Al rientro dall’intervallo Simeone non cambia nulla della sua formazione, dove Vitolo e Thomas continuano a pressare i portatori palla avversari; contestualmente, Zidane muove Bale e Ronaldo, alternando lo spostamento sugli esterni degli attaccanti alla ricerca continua di come disordinare la difesa dell’Atletico.

Ma come spesso accade al Real, se la tattica non basta ci pensa CR7, che con uno splendido collo destro colpisce il pallone che scavalca Hernandez, siglando il gol del vantaggio. Il gol ha l’effetto di “stappare” la partita con la reazione nervosa, determinata e concreta dei ragazzi di Simeone.

Thomas, Vitolo e Griezmann confezionano la rete del pareggio al termine di un’azione che sorprende la difesa del Real Madrid. Ma non finisce qui, dopo aver passato un’ora a difendersi adesso i biancorossi sfiorano persino il vantaggio con il destro a botta sicura di Koke parato da Keylor Navas.

La ricerca della vittoria

Simeone annusa la stanchezza dell’avversario e inserisce Correa per Vitolo, cambio con tendenze offensiviste. La risposta immediata di Zidane è l’ingresso di Benzema per Cristiano Ronaldo, al fine di risparmiare energie al Pallone d’Oro in vista della Juventus. Dopo il botta e risposta, la gara ritorna sui binari iniziali, con il Real Madrid a fare la partita e l’Atletico a difendersi organizzato e stretto tra i reparti. La tendenza a scoprirsi troppo, e senza l’ausilio di Casemiro e il palleggio di Modric, permette alla squadra di Simeone di creare una buona palla gol con Saul, che in contropiede mette di poco a lato alla destra di Navas.

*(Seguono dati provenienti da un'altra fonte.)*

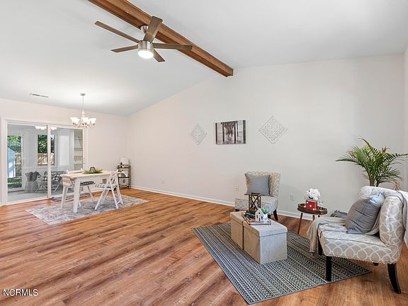 Welcome to this charming single-story home located in the desirable Brynn Marr neighborhood! This delightful four-bedroom, two-bathroom residence offers an ideal blend of comfort and convenience. Step into a spacious living room that invites relaxation and gatherings. The well-appointed kitchen boasts updated applainces with ample cabinets and counter space, perfect for culinary adventures. Enjoy meals in the adjacent dining area, which features a sliding glass door that opens to a sunroom and fenced-in backyard - ideal for outdoor entertaining and pets. Situated just minutes from military bases, shopping centers, schools, and parks, this home provides an exceptional living experience. New roof and HVAC 2024! Don't miss the opportunity to make this wonderful property your own! Property is owned by a NC Real Estate agent.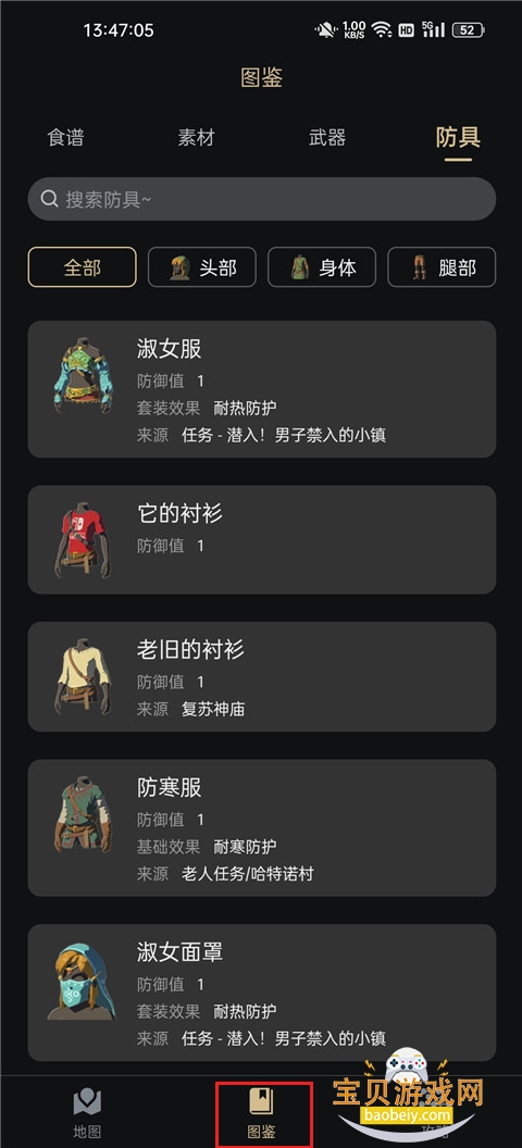 3、还可以点击图鉴查看各种食谱的制作方法以及各种服饰装扮的获取来源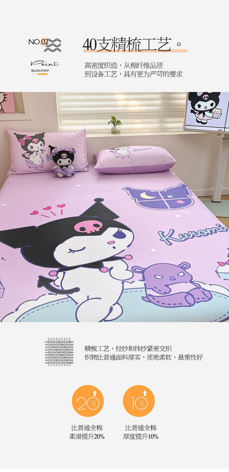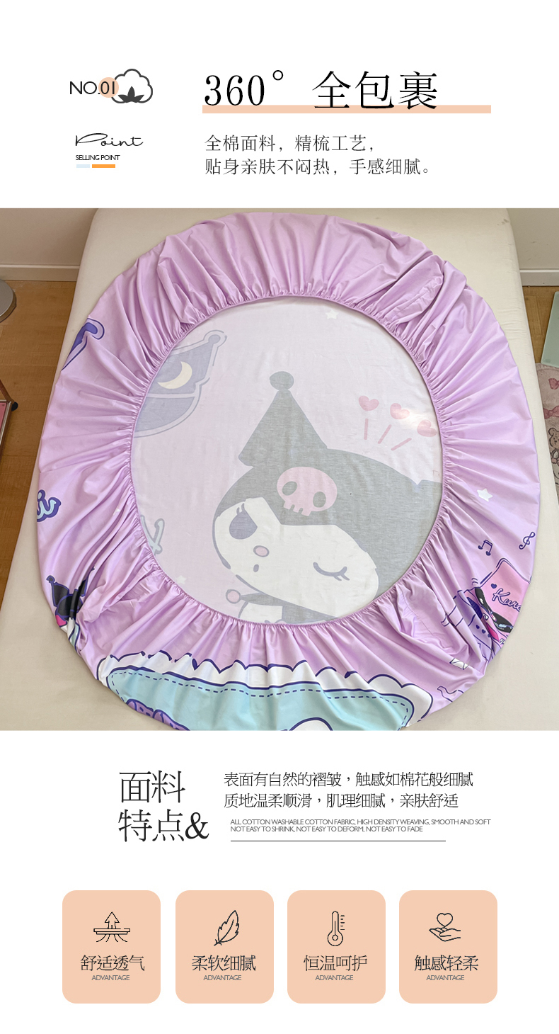 商品名称:金爱家 2025新款三丽欧全棉大版单品--床笠 棉单品-音乐库洛米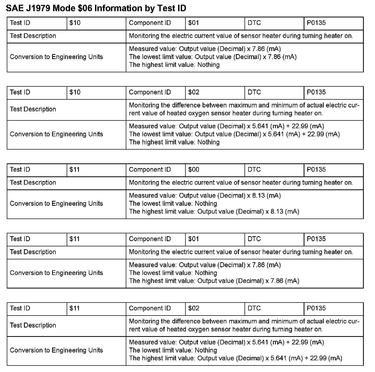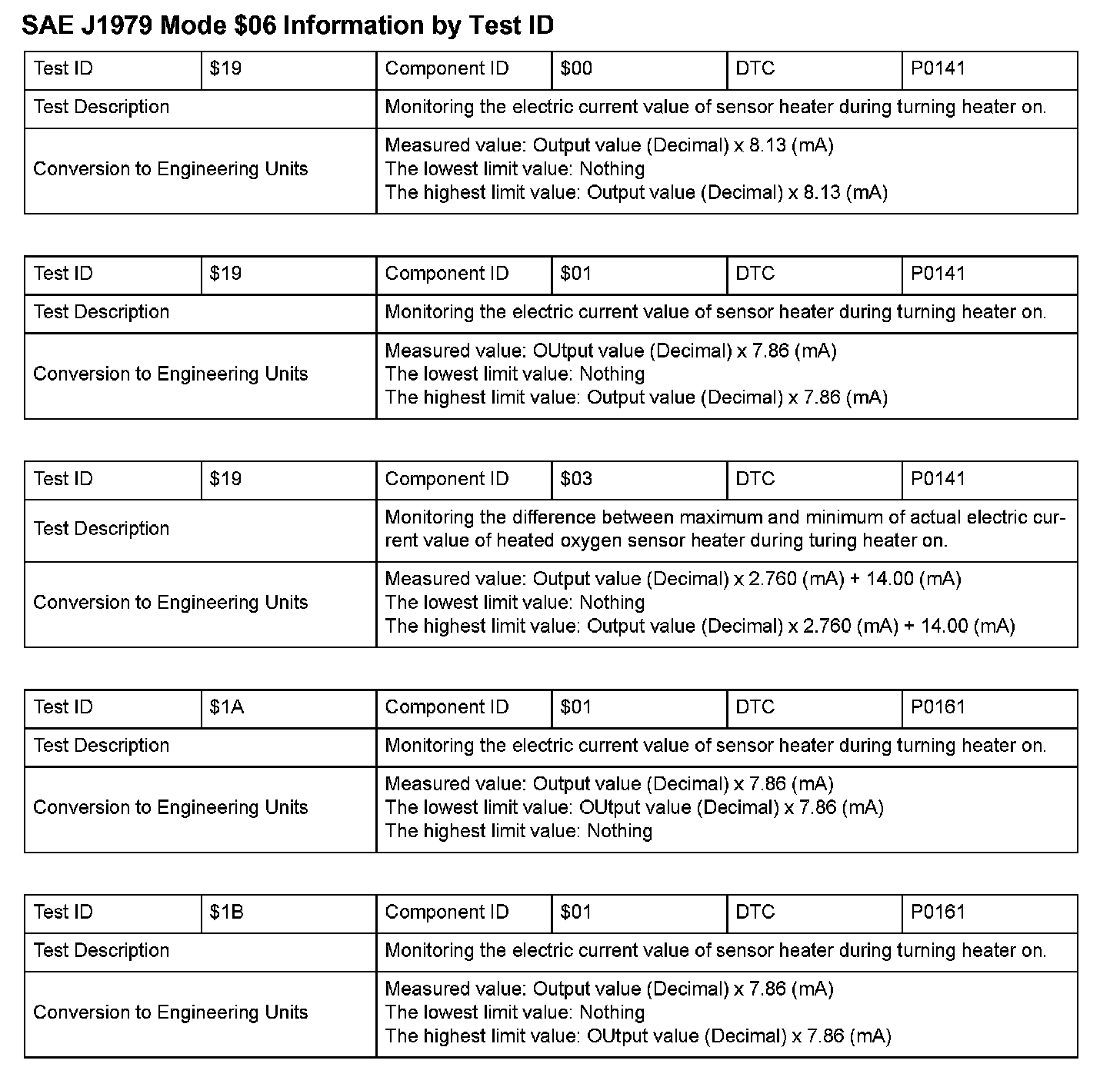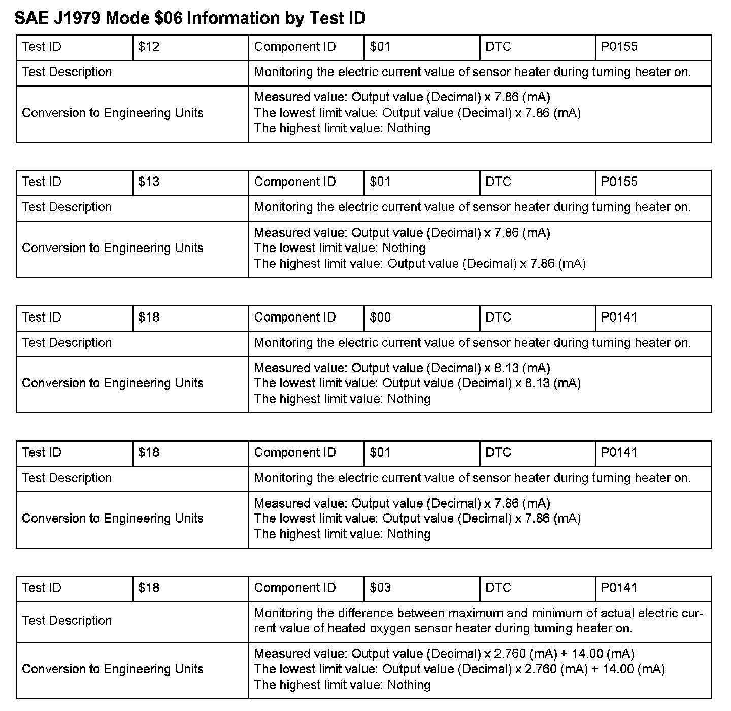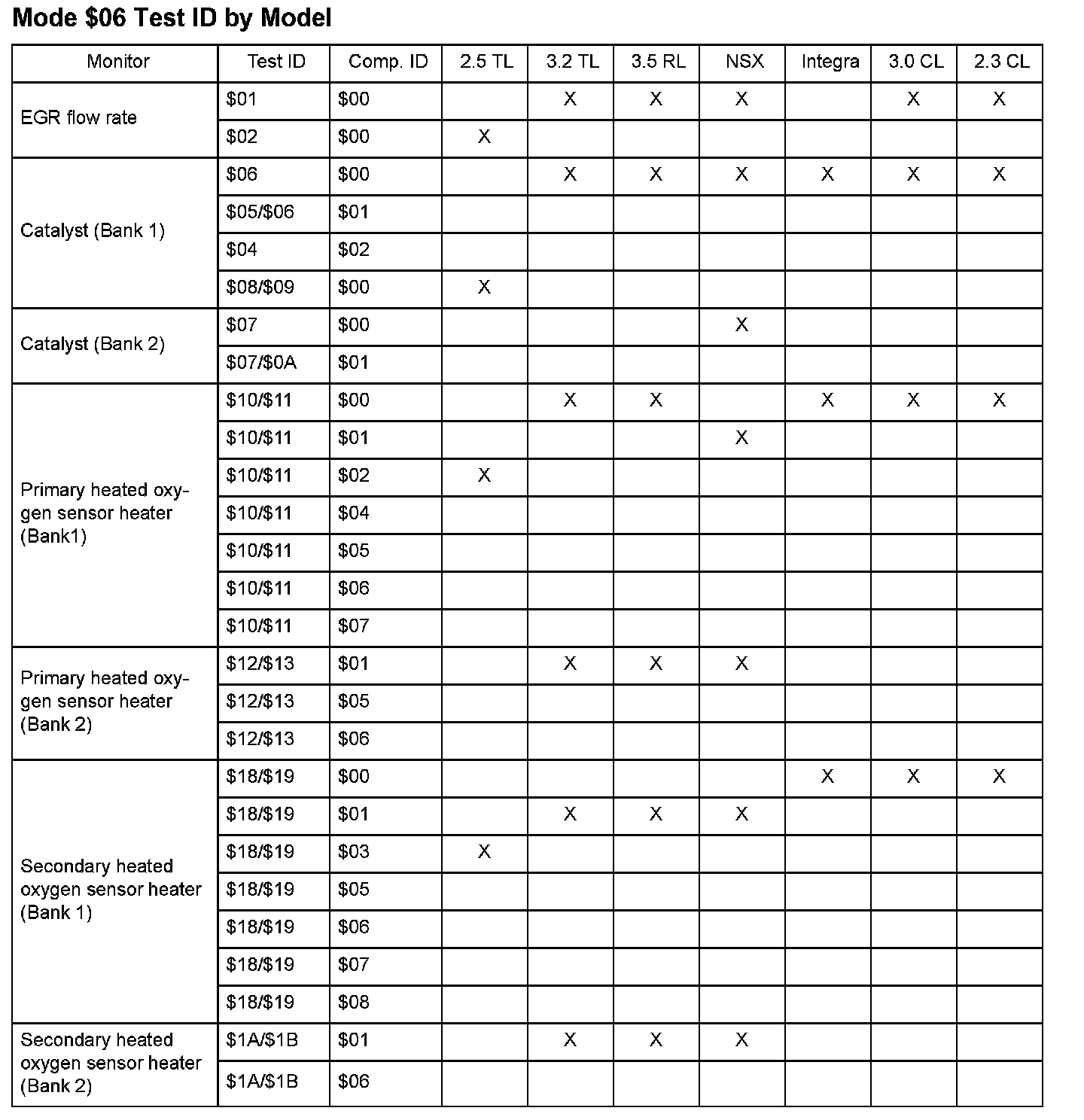 MODE $06 DATA CHARTSTest ID By Model (1 of 2):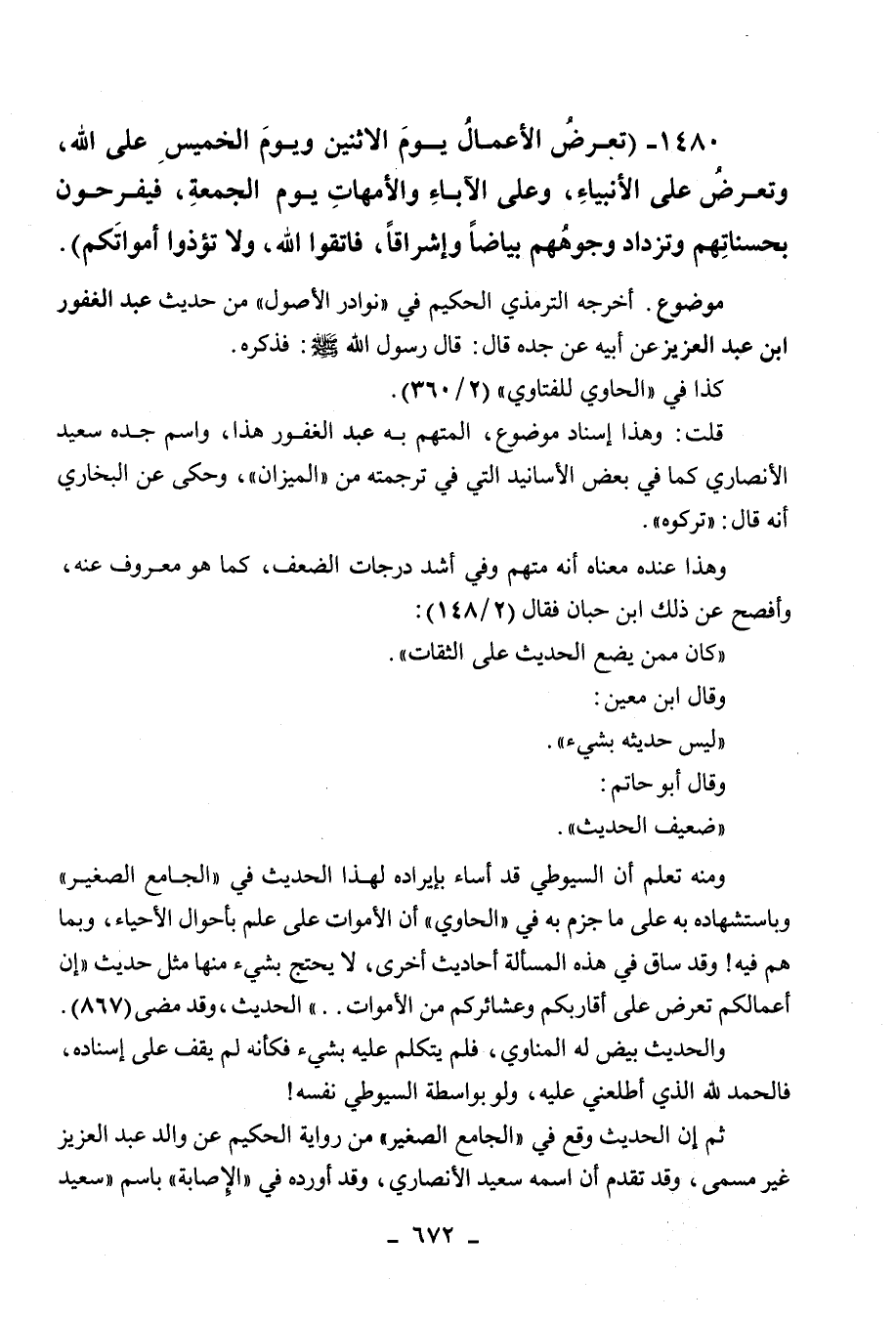 1480 - " تعرض الأعمال يوم الاثنين ويوم الخميس على الله، وتعرض على الأنبياء،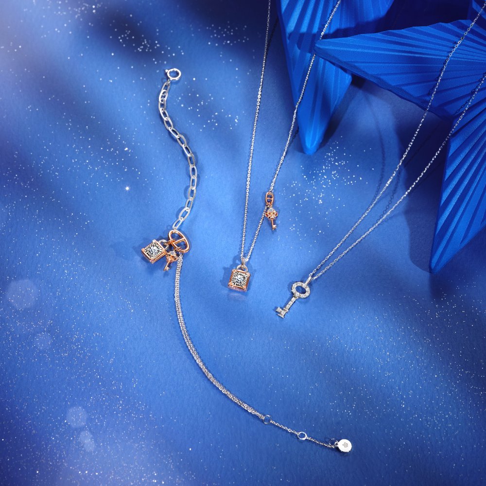 英皇珠寶在佳節推出四大鑽飾系列,包括「Dewy晨露系列」、「Flare風姿綽約系列」、「Love Adventure戀愛旅程系列」及「Timeless Tales矢志不渝系列」,備有多款18K白金(玫瑰金)鑽石頸鏈、手鏈、耳環以及戒指款式,適合不同風格、氣質的女性佩戴。筆者推介以掛鎖及鎖匙作為設計概念的「Love Adventure戀愛旅程系列」,象徵愛侶之間需互相將心扉打開,共同開啟幸福之旅,而鎖心中央的璀璨美鑽永恆守護兩人的戀愛。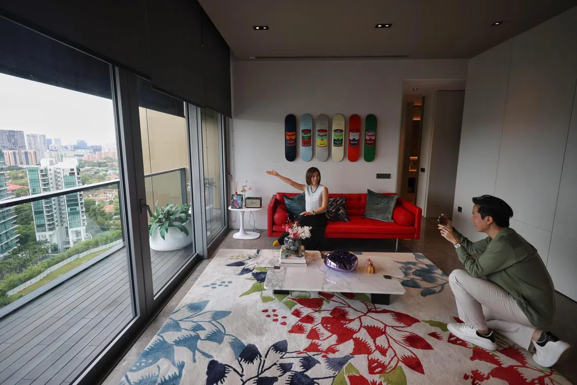 Ms Joelle Chew and Mr Shen Jiaming creating social media footage for a Cuscaden Reserve condominium unit, which has an asking price of $3,391 per sq ft.

Proprio per evitare situazioni del genere, Zidane inserisce Isco e Modric per gli ultimi 20 minuti al posto di Asensio e Kovacic. L’indicazione è quella di voler vincere la partita. Il giro palla, inevitabilmente, migliora ma sia Benzema che Bale non sono precisi inoltre il baricentro dell’Atletico si abbassa sempre più chiudendo le linee di passaggio e riempiendo l’area di uomini. La splendida punizione di Sergio Ramos e la splendida risposta di Oblak chiudono il derby.

Conclusioni

Il pareggio equivale ad una vittoria per l’Atletico Madrid, che tiene a distanza il Real consolidando il secondo posto in classifica. Organizzazione e prestazione difensiva hanno permesso a Simeone di subire il giusto gli avversari e di pareggiare grazie al colpo del suo campione, Griezmann.

La formazione iniziale di Zidane, in mezzo ai due impegni di Champions League contro la Juventus, ha penalizzato la manovra della sua squadra. Il gol di Ronaldo sembrava poter indirizzare la partita ma testa e gambe non sono girate come il solito, diminuendo le possibilità di raggiungere il secondo posto.